Investigating the Relationship Between Debiasing and Artifact Removal using Saliency Maps
Lukasz Sztukiewicz, Ignacy Stępka, Michał Wiliński, Jerzy Stefanowski
TL;DR
Addressing bias in computer-vision models, the paper investigates how debiasing interacts with artifact removal by analyzing saliency maps around protected attributes. It introduces four ROI-focused metrics—$RRF$, $ADR$, $DIF$, and $RDDT$—and evaluates post-hoc debiasing methods (ThrOpt, ZhangAL, SavaniAFT) and ClArC artifact-removal variants using saliency explanations from $LRP$ and $IG$. The results show that successful debiasing tends to redirect saliency away from protected-attribute regions and that artifact-removal techniques can also improve fairness, indicating a bidirectional relationship between debiasing and artifact removal. The work provides a practical framework for evaluating fairness interventions and demonstrates reproducibility through an open-source DetoxAI-based workflow, with potential implications for integrating artifact-removal strategies into fairness pipelines.
Abstract
The widespread adoption of machine learning systems has raised critical concerns about fairness and bias, making mitigating harmful biases essential for AI development. In this paper, we investigate the relationship between debiasing and removing artifacts in neural networks for computer vision tasks.
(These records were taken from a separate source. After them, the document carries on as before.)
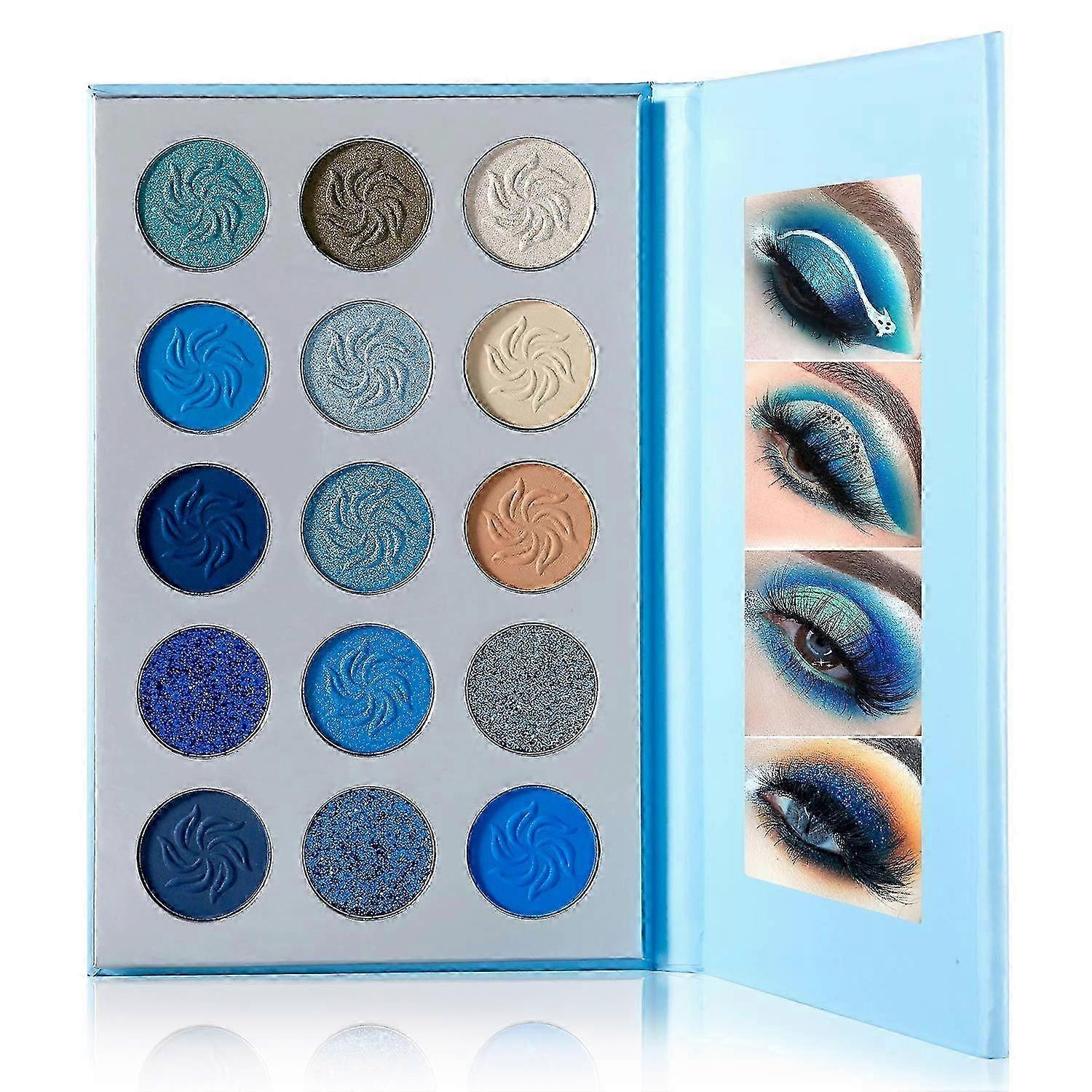 Space Blue Eyeshadow Palette, 15 Glitter Eyeshadow Pressed Pigment Christmas Snowflake Matte Shimmer Drama Makeup Blue Eyeshadow, Durable Waterproof
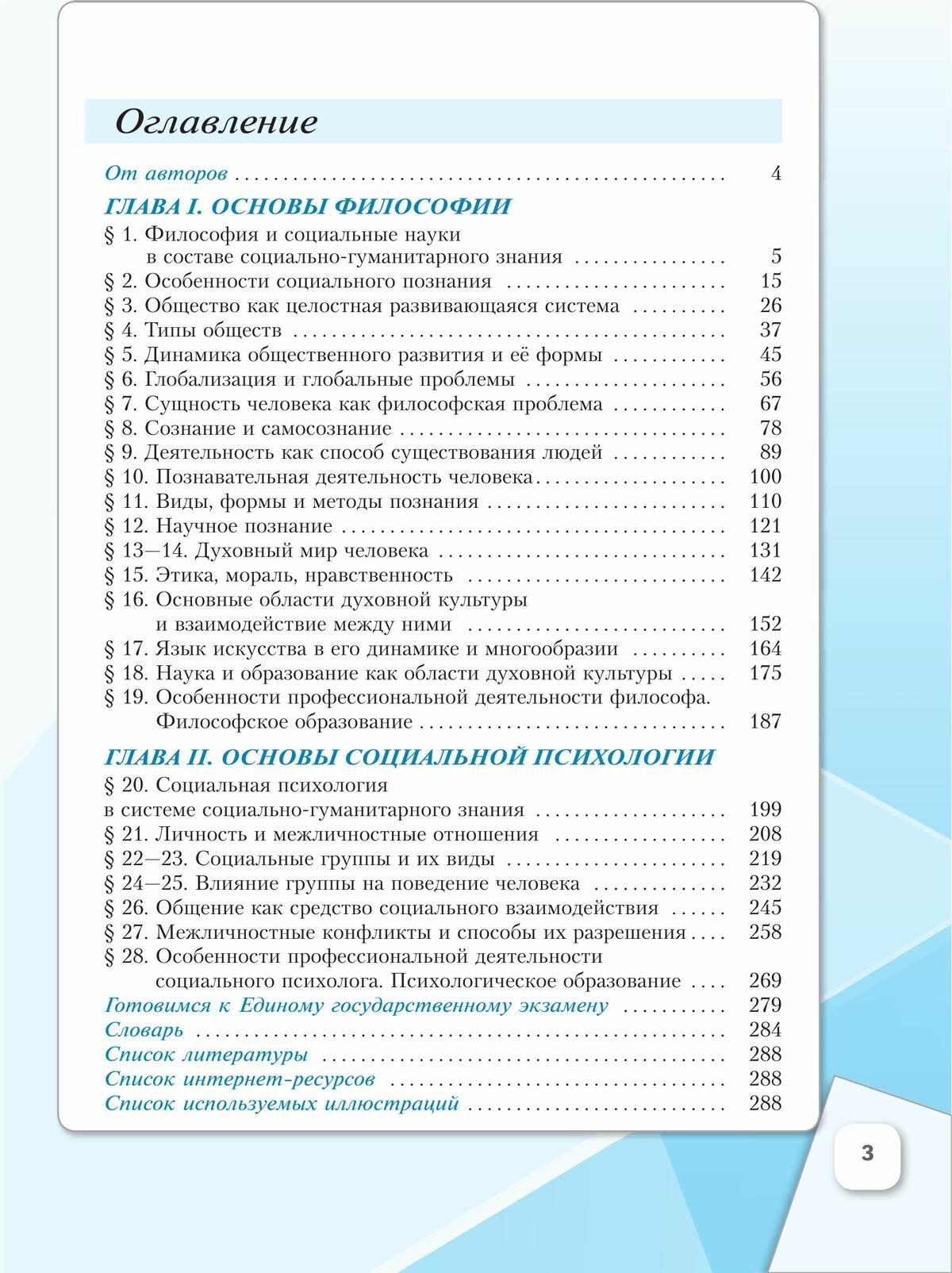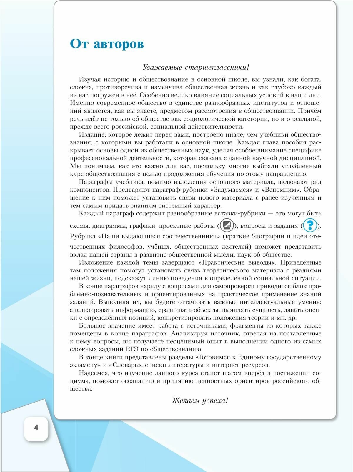 Первая часть учебного пособия знакомит учащихся с главными характеристиками человеческой личности и общества в целом и включает систему знаний, составляющих основы философии и социальной психологии. Методический аппарат ориентирован на активную работу десятиклассников с различными источниками социальной информации и проектную деятельность. Работа с учебным пособием будет способствовать личностному развитию школьников, воспитанию у них гражданственности и социальной ответственности, поможет учащимся подготовиться к сдаче Единого государственного экзамена.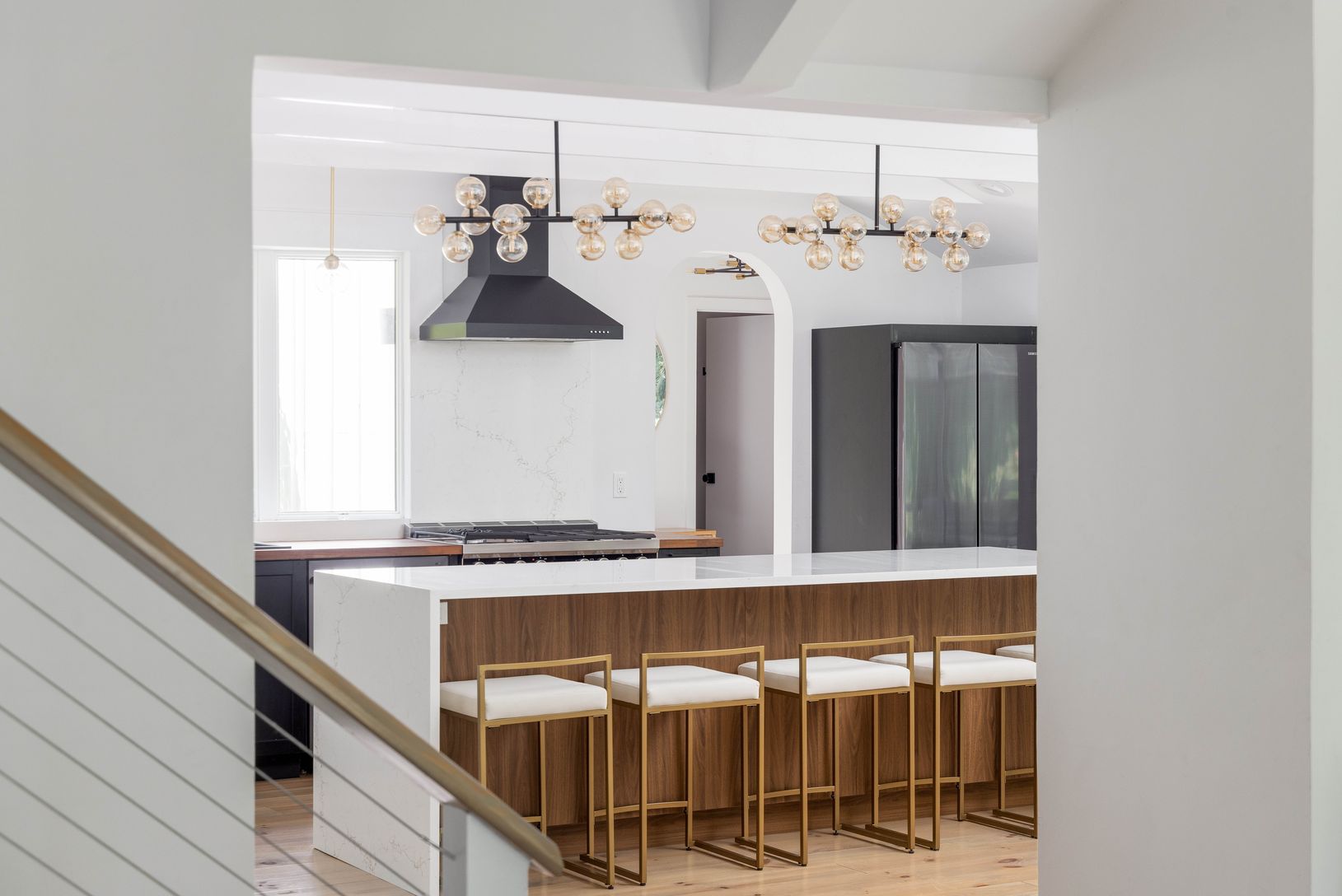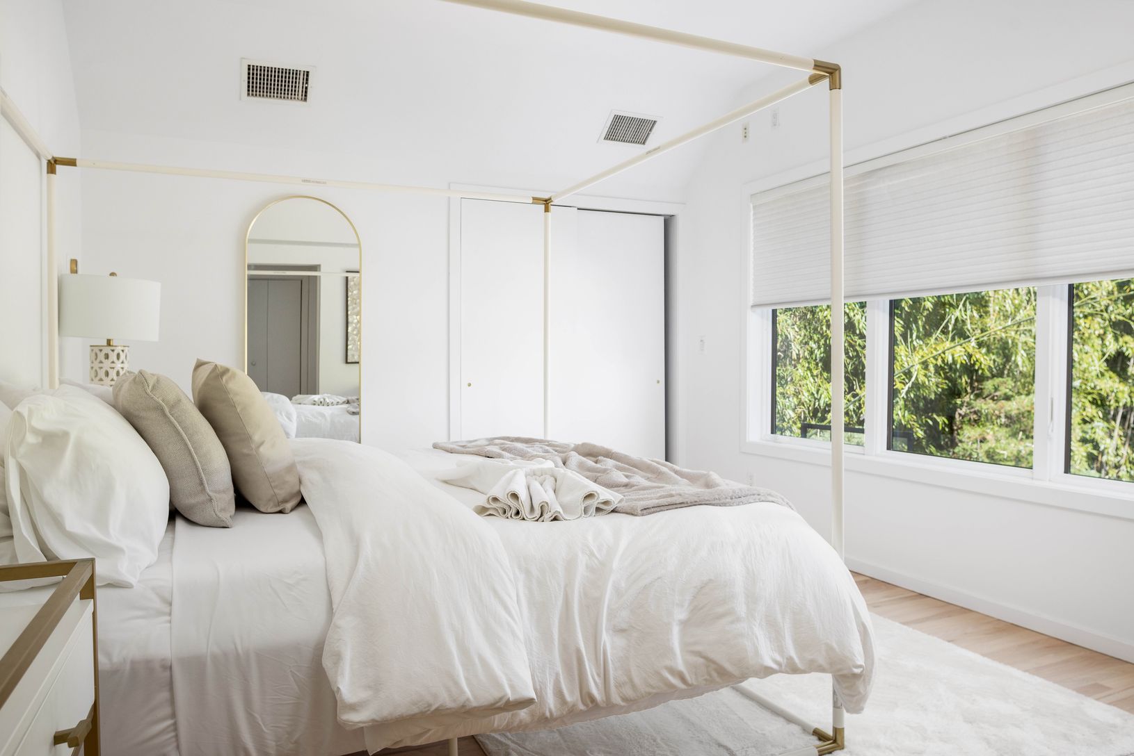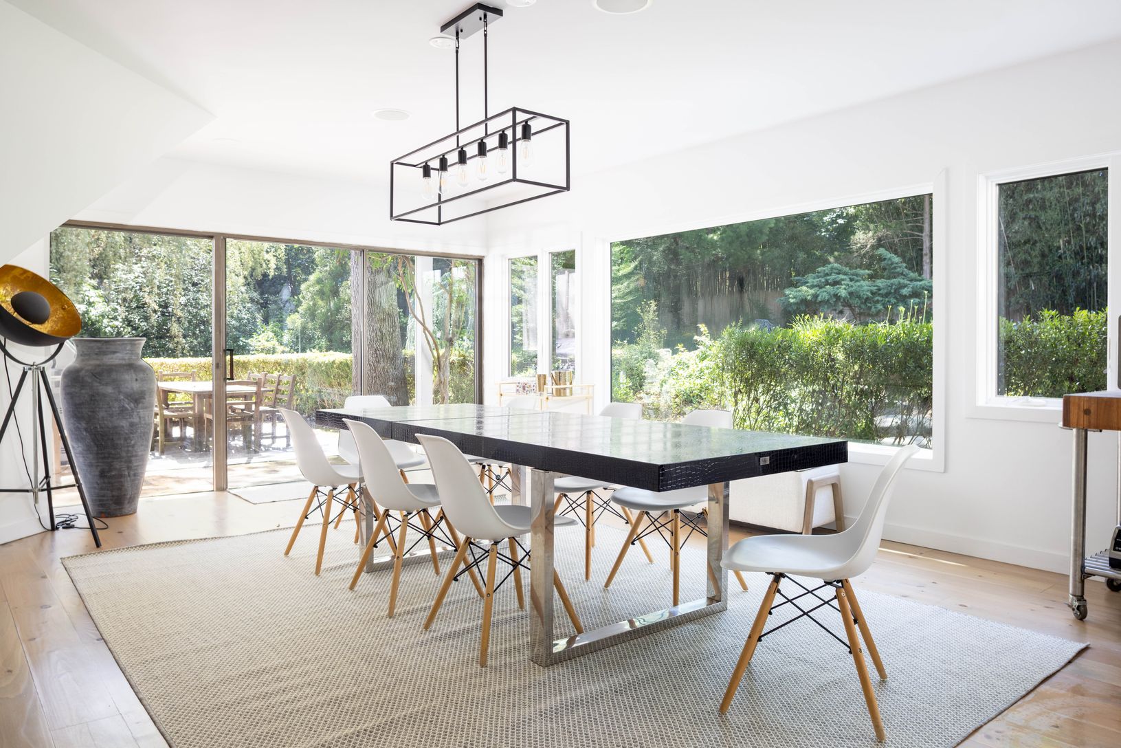Inside, the vaulted great room opens to a wall of glass framing sweeping bay views, while the modern kitchen connects seamlessly to multiple dining and lounge areas. Highlights include a waterfall island, floor to ceiling windows, a six person breakfast nook, and a double sided fireplace. Sliding gl

First, we introduce a set of novel XAI-based metrics that analyze saliency maps to assess shifts in a model's decision-making process. Then, we demonstrate that successful debiasing methods systematically redirect model focus away from protected attributes. Finally, we show that techniques originally developed for artifact removal can be effectively repurposed for improving fairness. These findings provide evidence for the existence of a bidirectional connection between ensuring fairness and removing artifacts corresponding to protected attributes.